** MATERIAL SHOWN **
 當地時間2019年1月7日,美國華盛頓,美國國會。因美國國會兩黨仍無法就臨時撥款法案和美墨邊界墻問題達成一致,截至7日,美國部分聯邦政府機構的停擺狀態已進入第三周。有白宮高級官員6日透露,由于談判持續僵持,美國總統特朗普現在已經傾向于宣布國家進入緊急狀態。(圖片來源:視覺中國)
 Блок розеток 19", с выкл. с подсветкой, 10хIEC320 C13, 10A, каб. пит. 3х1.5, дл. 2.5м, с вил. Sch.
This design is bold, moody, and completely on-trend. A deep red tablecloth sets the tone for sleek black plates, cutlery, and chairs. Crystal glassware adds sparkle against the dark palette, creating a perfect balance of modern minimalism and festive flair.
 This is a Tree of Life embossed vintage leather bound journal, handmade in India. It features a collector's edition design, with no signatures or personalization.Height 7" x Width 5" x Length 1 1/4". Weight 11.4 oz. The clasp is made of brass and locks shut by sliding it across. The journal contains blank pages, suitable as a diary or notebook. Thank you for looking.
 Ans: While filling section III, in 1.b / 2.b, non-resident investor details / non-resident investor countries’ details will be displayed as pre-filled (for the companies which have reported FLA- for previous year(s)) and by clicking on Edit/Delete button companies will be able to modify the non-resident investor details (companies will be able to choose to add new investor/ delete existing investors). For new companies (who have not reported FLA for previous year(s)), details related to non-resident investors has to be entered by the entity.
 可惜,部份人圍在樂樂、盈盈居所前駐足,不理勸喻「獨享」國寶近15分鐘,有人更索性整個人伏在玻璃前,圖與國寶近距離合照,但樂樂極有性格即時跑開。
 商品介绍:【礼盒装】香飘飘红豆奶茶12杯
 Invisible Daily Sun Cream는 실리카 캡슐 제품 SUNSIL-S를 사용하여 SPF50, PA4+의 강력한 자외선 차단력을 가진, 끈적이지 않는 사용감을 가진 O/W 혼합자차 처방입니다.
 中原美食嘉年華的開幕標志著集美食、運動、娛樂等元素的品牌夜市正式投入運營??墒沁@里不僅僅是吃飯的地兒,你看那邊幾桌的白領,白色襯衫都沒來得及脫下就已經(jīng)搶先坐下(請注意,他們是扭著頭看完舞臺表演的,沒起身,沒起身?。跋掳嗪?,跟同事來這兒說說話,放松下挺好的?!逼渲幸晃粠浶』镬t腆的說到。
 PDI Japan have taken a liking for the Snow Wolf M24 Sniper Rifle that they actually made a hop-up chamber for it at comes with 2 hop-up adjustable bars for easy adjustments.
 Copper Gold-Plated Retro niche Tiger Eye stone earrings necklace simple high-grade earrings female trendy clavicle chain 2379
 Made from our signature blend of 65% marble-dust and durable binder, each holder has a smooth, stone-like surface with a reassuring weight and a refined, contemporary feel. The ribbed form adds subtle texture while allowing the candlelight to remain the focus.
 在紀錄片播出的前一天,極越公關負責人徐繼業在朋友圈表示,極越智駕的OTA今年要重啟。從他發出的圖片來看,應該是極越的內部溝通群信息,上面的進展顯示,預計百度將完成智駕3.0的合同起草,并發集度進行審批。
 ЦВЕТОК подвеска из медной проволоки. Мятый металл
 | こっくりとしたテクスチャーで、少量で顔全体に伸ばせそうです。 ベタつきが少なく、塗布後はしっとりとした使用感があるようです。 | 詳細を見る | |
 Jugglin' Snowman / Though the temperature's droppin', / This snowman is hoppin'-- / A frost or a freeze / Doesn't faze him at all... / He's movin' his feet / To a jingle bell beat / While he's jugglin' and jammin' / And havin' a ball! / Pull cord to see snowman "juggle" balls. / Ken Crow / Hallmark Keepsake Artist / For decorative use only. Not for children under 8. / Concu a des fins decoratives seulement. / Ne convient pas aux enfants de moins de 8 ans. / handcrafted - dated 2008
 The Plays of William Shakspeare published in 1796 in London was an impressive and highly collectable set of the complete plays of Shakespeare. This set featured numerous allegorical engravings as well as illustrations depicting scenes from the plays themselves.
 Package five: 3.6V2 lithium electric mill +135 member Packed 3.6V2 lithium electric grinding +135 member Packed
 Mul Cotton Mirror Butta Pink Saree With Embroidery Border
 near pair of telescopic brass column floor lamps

** EXERCISE DETAILS **
Search the material for the word "have". Each line where it is found must be copied.

** RESPONSE TO THE TASK **
 Ans: While filling section III, in 1.b / 2.b, non-resident investor details / non-resident investor countries’ details will be displayed as pre-filled (for the companies which have reported FLA- for previous year(s)) and by clicking on Edit/Delete button companies will be able to modify the non-resident investor details (companies will be able to choose to add new investor/ delete existing investors). For new companies (who have not reported FLA for previous year(s)), details related to non-resident investors has to be entered by the entity.
 PDI Japan have taken a liking for the Snow Wolf M24 Sniper Rifle that they actually made a hop-up chamber for it at comes with 2 hop-up adjustable bars for easy adjustments.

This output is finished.